The word “value” has many meanings, ranging from numbers to prices to basic principles that are not up for debate, he said. Assessing a tree, forest or agroforestry landscape means interacting with many perspectives. The more people involved, the wider the range of values that matter and need to be taken into account.
This is of great importance because of the rapid and massive loss of species, which is not limited to a particular group of drivers in one or two places, but is global, pervasive and under-recognised.
Consumers, for example, currently do not pay a “true price” for products derived from nature (which, after all, are all products). Consumer and producer decisions based on a narrow set of market values for nature are the hidden driving force behind the global biodiversity crisis. Bringing these values out into the open can help people better understand the cost of over-exploitation and increase the likelihood of ensuring that values – including the less tangible, non-financial ones – are honored and preserved.
Importantly, the way ‘conservation’ is currently framed often ignores the values of the people who live in any given ‘conservation’ area, with usually a negative impact on the intended aims of the conservation area. These people must be recognized and respectfully included in decision-making processes.
Van Noordwijk noted that a review of biodiversity reports and country action plans produced in response to the UN Convention on Biological Diversity found that less than 25% of the world’s governments were on track to integrate values of nature that exceed those recognized by markets.
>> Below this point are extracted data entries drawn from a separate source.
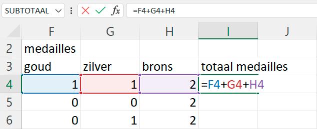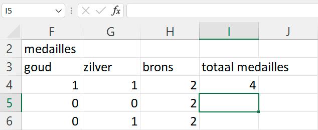 Om het totaal aantal medailles te berekenen, kan je dezelfde methode van daarnet toepassen maar het kan efficiënter door een functie te gebruiken.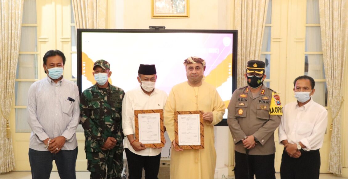 Bertempat di pringgitan, Bupati Sugiri Sancoko disaksikan wakil bupati, Forkompinda Kabupaten seperti terlihat Kapolres Ponorogo, AKBP Mochammad Nur Azis dan perwakilan dari kodim 0802 Ponorogo melakukan kerjasama atau MoU dengan Group of Development Technologies and Construction Companies (GDTC).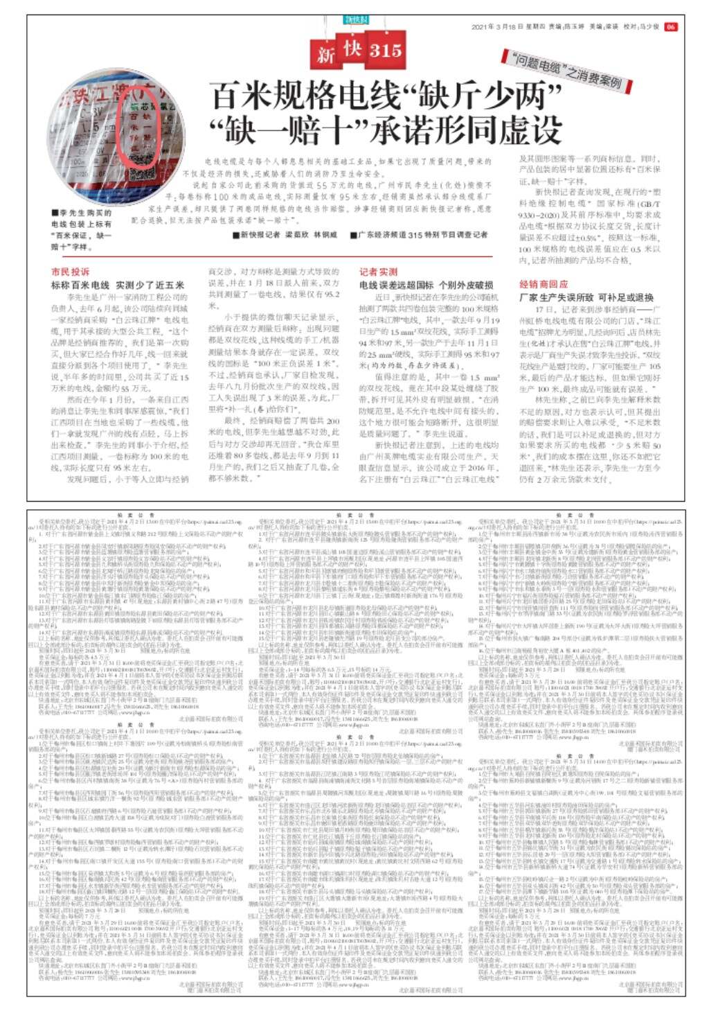 百米规格电线“缺斤少两” “缺一赔十”承诺形同虚设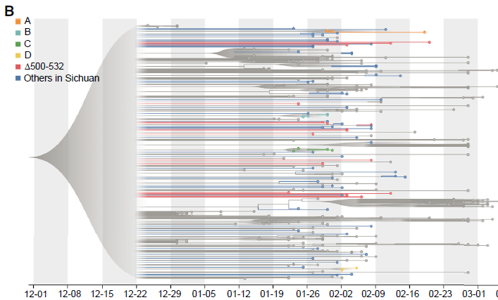 值得注意的是,在Nsp1編碼區有兩個缺失,Δ500-532和Δ729-737,在四川觀察到23例(26%)和2例(2.2%);在武漢觀察到39例(24%)和4例(3%)。對Δ500-532的基因組進行了研究,發現它在系統發育樹的不同簇中分布稀疏(圖2B)。結果表明Δ500-532發生在多個城市,并可能從武漢多次輸入,這與缺失Δ500-532的四川患者中有83.3%的人有去過武漢的旅行史相一致。

But he also noted that current evaluation studies rarely report their uptake in government policy and program decisions.
The six chapters of Evaluation report distinguish between “instrumental” values—which can be measured by the goods and services that nature, biodiversity, or well-functioning ecosystems provide to people—and “relational” values: those that can be equally important to people’s well-being in intangible ways .
The types of values that are most effectively communicated depend on the audience and the context, meaning that communication is as important as the decisions that governments and others make about biodiversity conservation.
“Scientists and others interested in the problem need to help decision-makers understand so they can formulate policies and actions that will be effective,” he said. “In particular, drawing the attention of decision-makers to the fact that the people most dependent on an area deemed worthy of conservation should be fully included in decisions about it, and that intangible values - such as climate regulation, maintaining healthy ecosystems and the water cycle—must be fully recognized.”
Van Noordwijk stressed that from the perspective of “forests, trees and agroforestry”, the international acceptance of Evaluation report can help pursue a dual strategy of 1) elucidating how ecosystem structures and functions contribute to instrumental values for people at the local, national, and global levels, and thus the economic values that are at risk if the current trend of biodiversity loss continued, and which can be partially recovered by “restoring” degraded landscapes; and 2) engaging with stakeholders to appreciate and recognize the different relational values that matter to them.
“The latter can at least help to communicate more effectively,” he said, “not only in a language that people can understand, but in a language that speaks to their hearts.”
Examples abound around the world of conflicts that could be reduced or completely eradicated if these points were better understood.